On 26 May 2011, at 22:46, Haudy Kazemi wrote:
> If anyone experiences this scenario running the whole system in a virtual machine, perhaps you can use your virtual machine software to save a state snapshot.
> 
> There have been sporadic reports sounding similar to Alasdair's over the years.  The zfs-discuss list has records of some of them and related discussion (for examples, look at the archives from 2010-07-22 to 24 to see posts in the thread called '1tb SATA drives' by Miles Nordin, myself, and others.)
> http://www.mail-archive.com/zfs-discuss@opensolaris.org/msg40826.html
> 
> IIRC, many discussions ended with "use enterprise drives, equipment, and TLER" instead of less expensive equipment.  That was not a satisfactory response to discussion participants who held the view that ZFS should be able to smoothly recover from failure of drives/controllers/storage drivers, whether or not those subsystems behaved as expected during a failure.  To do otherwise, means ZFS is making storage subsystem behavior and reliability assumptions are not in tune with its motto of being the "last word in filesystems" and its goal of achieving high reliability and high performance, even on less expensive storage devices.

+1

If the sd subsystem doesn't do the right thing, I'd love it ZFS would just go right ahead and offline the device, based on a configurable timeout.

There seems to be a "pass the buck" issue - ZFS assumes sd will take care of timeouts, sd assumes the scsi drivers handle timeouts, some scsi drivers probably assume the firmware on the HBA does it. If nobody takes responsibility, then you have a big issue on your hands.

If ZFS took control over the situation, any misbehaviour at the lower systems would be much less of an issue.

But, IANAKE (I am not a kernel engineer)

> The slow-death failure scenario comes to mind, where a particular drive still works but is much slower than usual.  No error is reported, however the response time is severely impacted.  Borderline sectors failing slowly can be triggers.  Given appropriate redundancy, and an expected maximum response time threshold, ZFS could reconstruct the needed data using the other devices anytime the maximum response time threshold was exceeded.  E.g. If a device access request is not responded to within 7 seconds (configurable to allow for different pool architectures), attempt to reconstruct the data; no need for TLER support in the drive, no need for the storage drivers to respond in a particular way.  A monitoring of device performance changes over time and observed delays could also serve as a warning that the devices may be failing via slow-death.

This is the hardest situation to detect.

There was talk at the Nexenta conference that ZFS could be enhanced to read from the faster pair of a mirror, for example if you do cross-datacenter mirroring where one half of the drives are being sucked down a cross-site link.
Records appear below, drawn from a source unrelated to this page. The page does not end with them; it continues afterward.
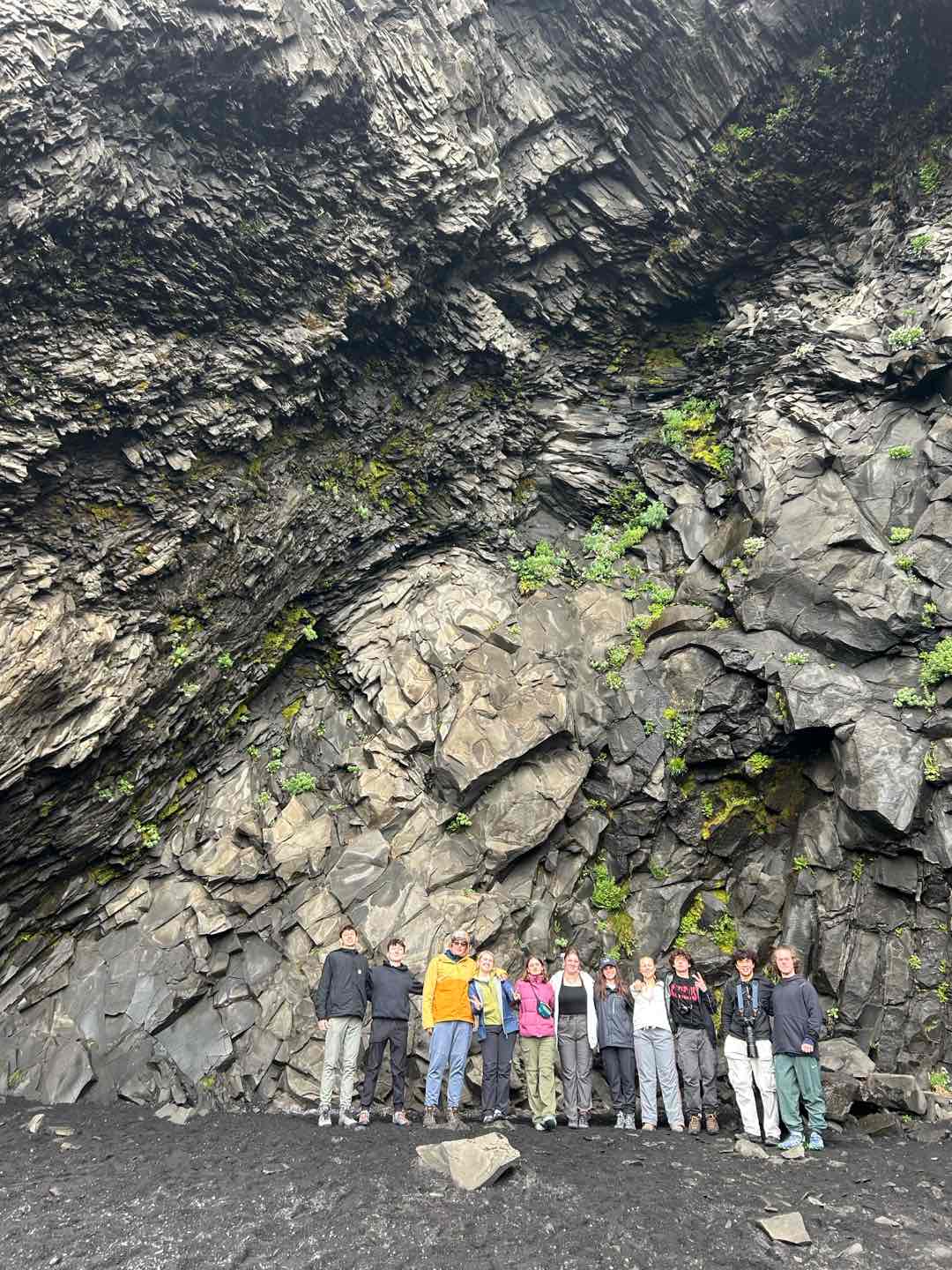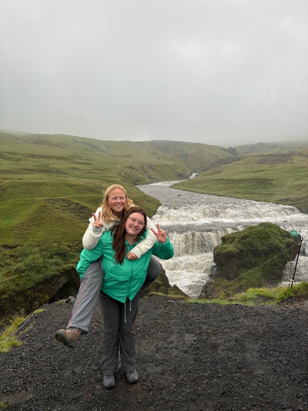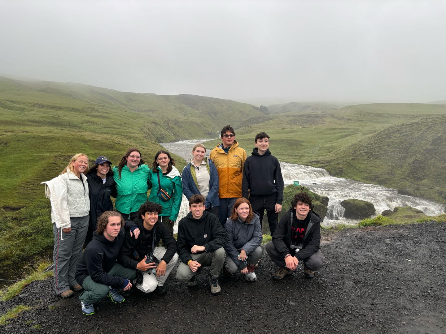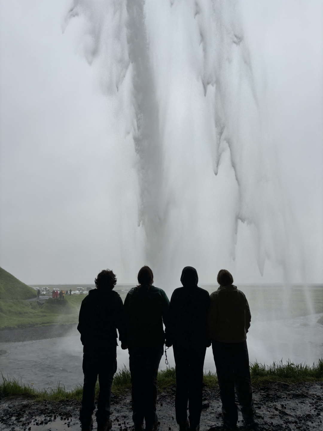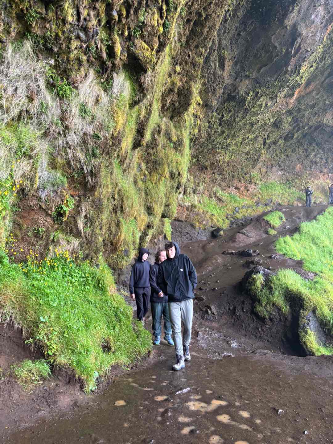 Today, I woke up at 6:45 to get ready for our travel day. After I got ready, I soon realized with my friend, Luke, that no one else was awake and everyone else had slept in on accident. So we woke up the facilitators and had 30 minutes to get everyone ready with their luggage in the van to leave the hostel. Once everyone was ready in the van, we headed south for about an hour and a half. I sat next to Luke and Grisha in the back of the bus which was the same way we sat yesterday when we were snorkeling. We stopped at a gas station, and I got a few souvenirs, which were very expensive, as everything is imported here. We then drove to Skogafoss, which is a very big waterfall. Grisha, Luke and I were basically entertainment for some of the other students as we made stupid jokes and laughed at silly things. When we got to the falls, we hiked up to the top so we could get an eagle’s eye view. We then traveled to a black sand beach, Reynisfjara, which has big mountains that come straight out of the ocean. We were able to see some puffins at the beach, and the waves were extremely rough and dangerous.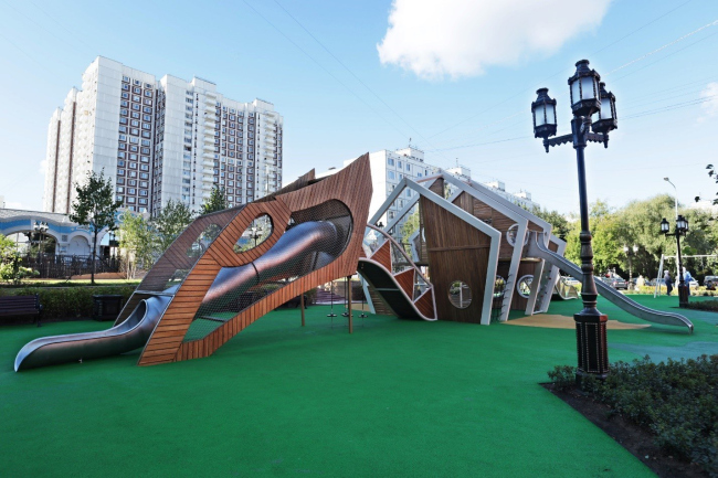 Например, игровой комплекс , изначально разработанный для Казани, но реализованный в другом месте. Нам поставили задачу создать что-то в национальном татарском стиле. Мы изучили тему и предложили образ дракона. Хотя проект для Казани не состоялся, идея не пропала – комплекс установлен в Москве, в Сумском проезде, в рамках программы «Московские сезоны».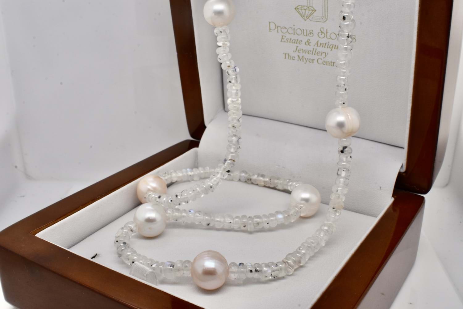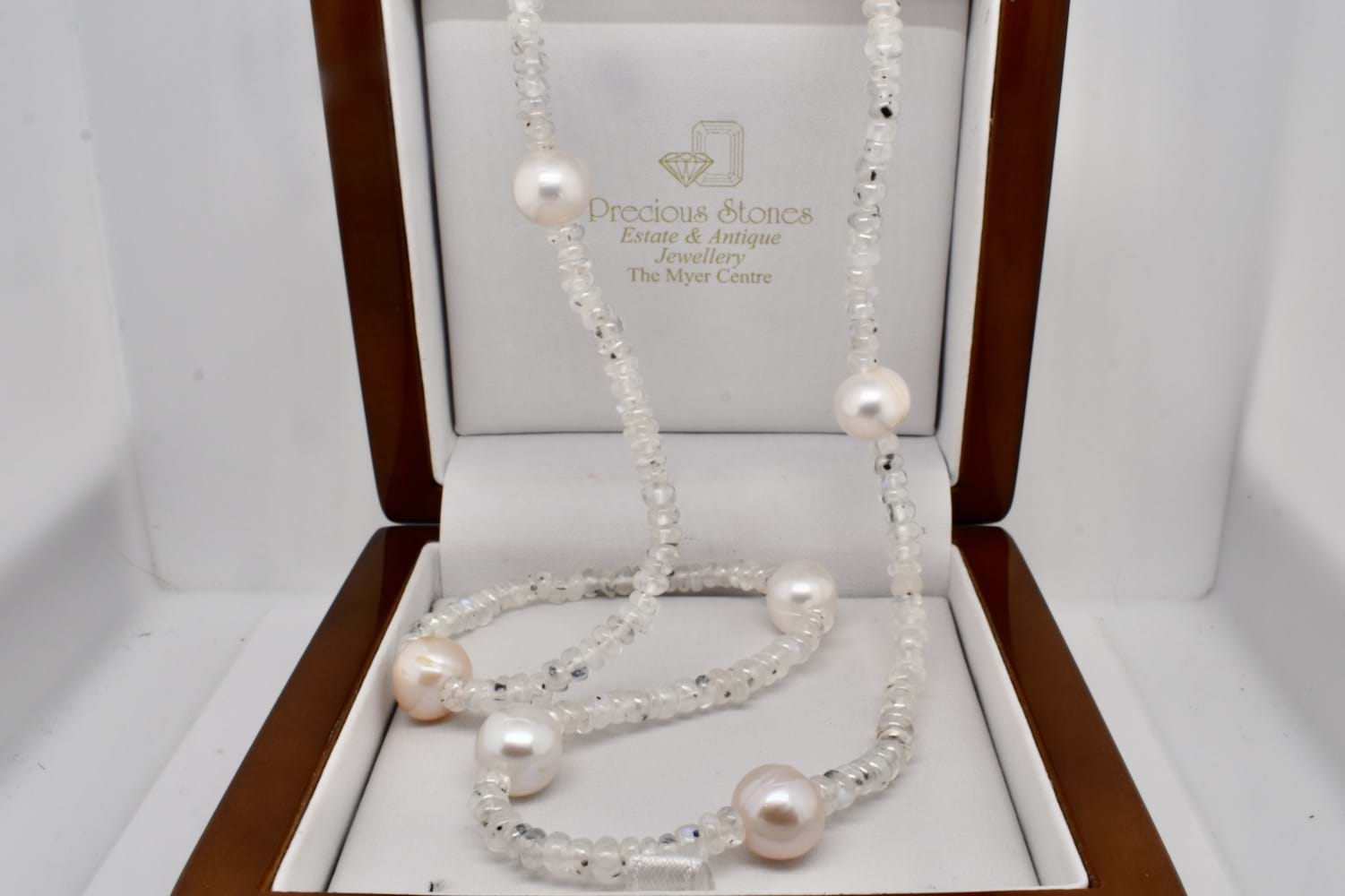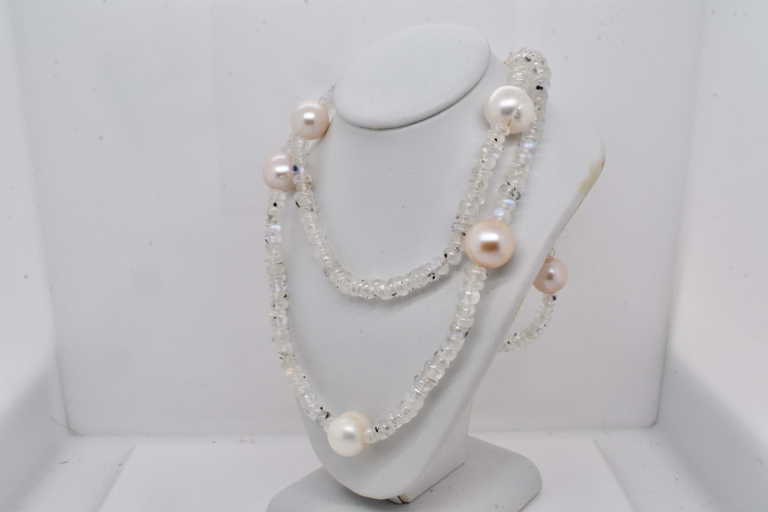 A pretty, pastel strand of faceted white moonstone, with a total of ten 10-11mm round pink freshwater pearls at regular intervals. Strand is 73cm and can be worn long or wrapped around

So that's related.

On the write side, you have no choice but to write to both disks of a mirror, or all disks of a stripe, so if you have any writes coming through you're still screwed.
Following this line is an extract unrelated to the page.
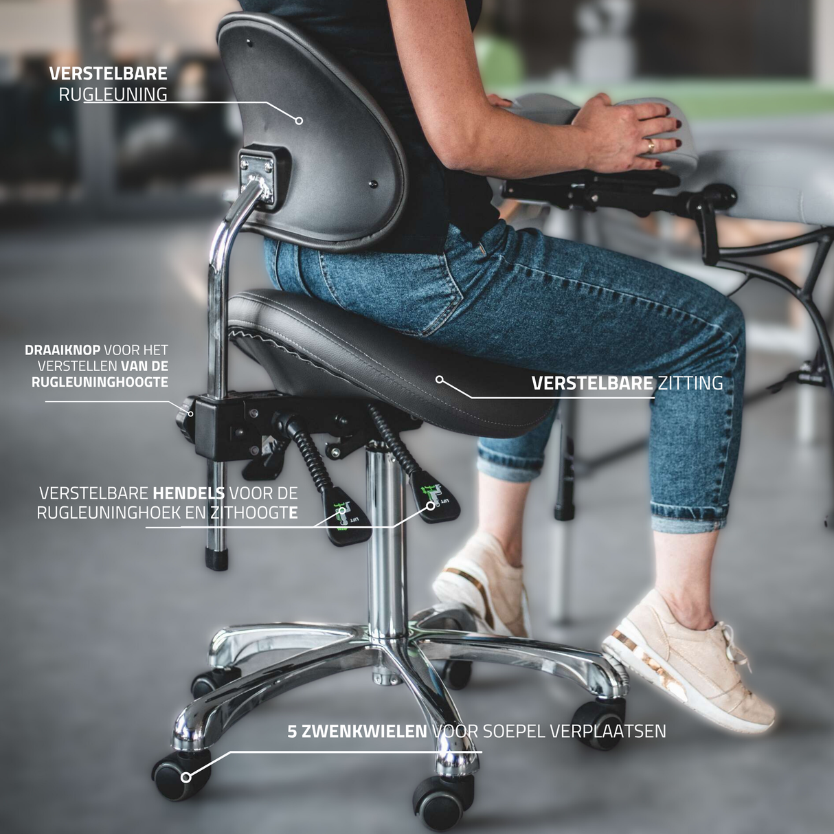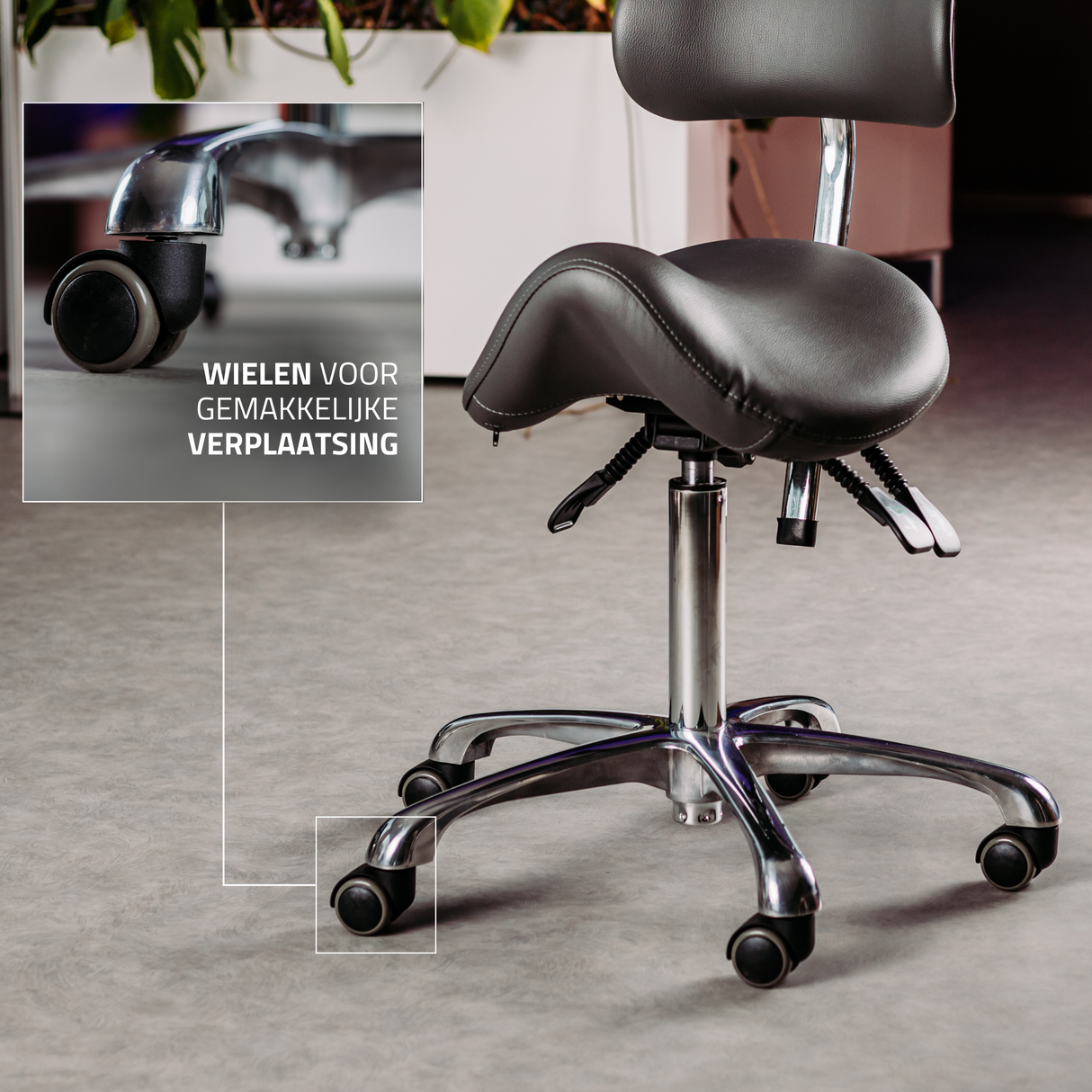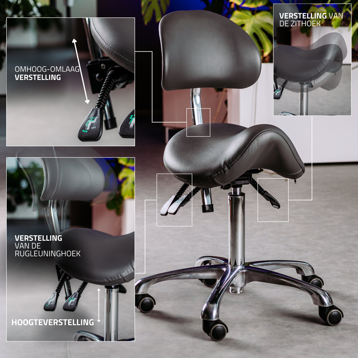 De zadelkruk met rugleuning Diana kenmerkt zich door:

My preference would be for a zpool "disk timeout" parameter - if you're using iSCSI you could set a higher timeout, like 120 seconds. If you're using enterprise SAS disks you could set 10 seconds.

The ZFS code could try and detect if the whole IO subsystem is screwed by attempting some kind of null trivial write to all disks, and if > eg 50% hang, don't take action because you don't want your entire pool dropping all its disks.
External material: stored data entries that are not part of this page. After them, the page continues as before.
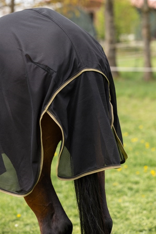 Velcrolukningerne ved hals og bryst muliggør individuel justering. Dækken er også UV-bestandig, så din hest er godt beskyttet selv på solrige dage.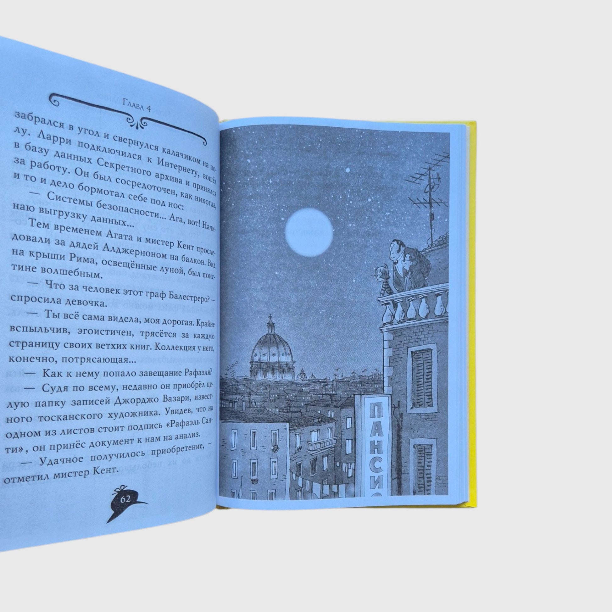 Наделённая потрясающим чутьём и феноменальной памятью, Агата Мистери мечтает стать писательницей. Но это в будущем, а пока она просто превосходная сыщица! Вместе со своим незадачливым кузеном Ларри, студентом детективной школы, она путешествует по миру, чтобы решать самые запутанные загадки. А помогают им преданный дворецкий, вредный сибирский кот и множество чудаковатых родственников. Из Секретного архива библиотеки Ватикана похищен ценнейший документ — только что обнаруженное учёными и ещё даже не расшифрованное завещание Рафаэля, великого итальянского живописца. Агата и Ларри Мистери немедленно отправляются в Италию. К счастью, в Риме живёт их дядюшка, выдающийся специалист по старинным текстам. Вместе им предстоит найти пропавшее письмо и заодно совершить сенсационное открытие...
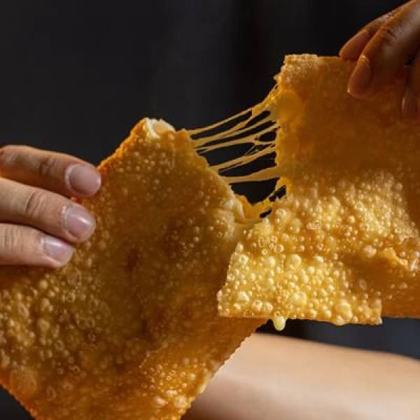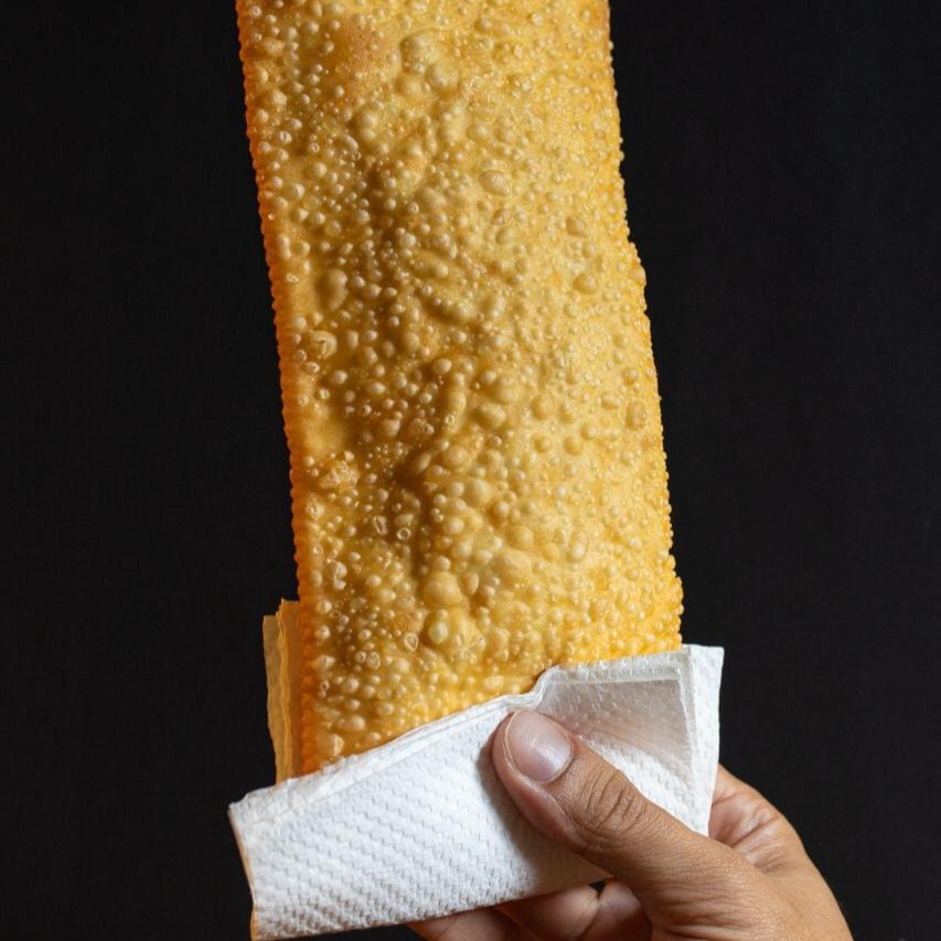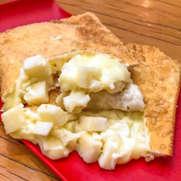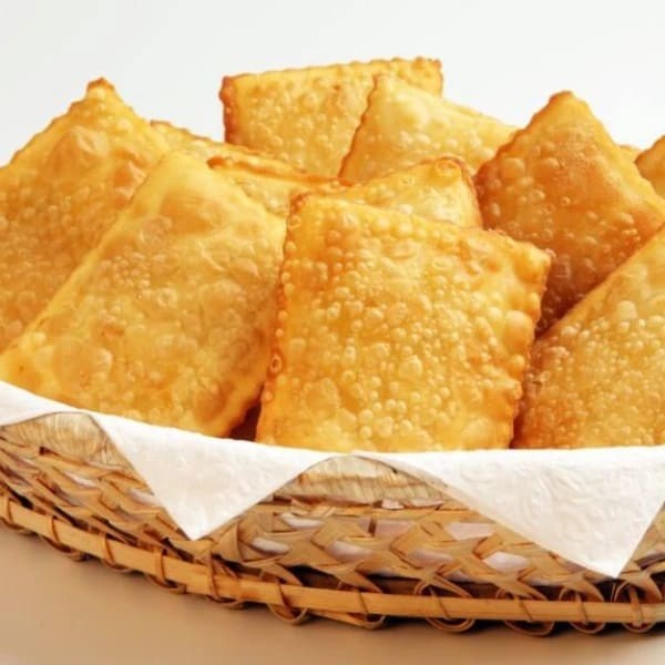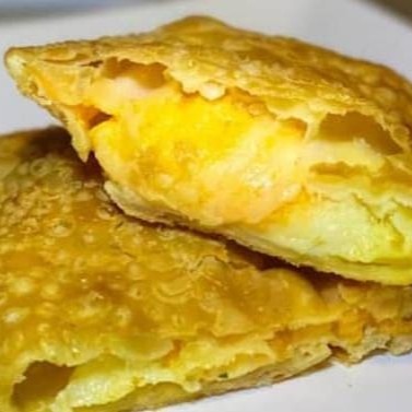 Delicioso e suculento Pastel de Queijo canastra com muçarela. Tamanho 12cm. Contem Glútem. Massa Tradicional Vegana.

But since ZFS shouldn't/wouldn't offline a drive if it would fault the pool, too low a timeout would only degrade a pool, not entirely screw it.

zpool set data disk_timeout=5
zpool set data disk_retries=3

I'm not sure how you detect super-slow drives - that comes down to statistics. Perhaps average drive response times could be monitored, and when this drops significantly for greater than the timeout period, the drive gets offlined. Say, falling to 25% of normal.

But.. in this bug I hit today, the kernel was locked up waiting on IO. Zpool commands hung. I doubt ZFS could offline a device even if it wanted to. There was suggestion this is an issue in the mpt driver. But, I think improvements may be needed to the sd subsystem, so it can handle shitty drivers, since those are a fact of life and are sometimes outside our control. Like with mpt, which is closed.

Cheers,

Alasdair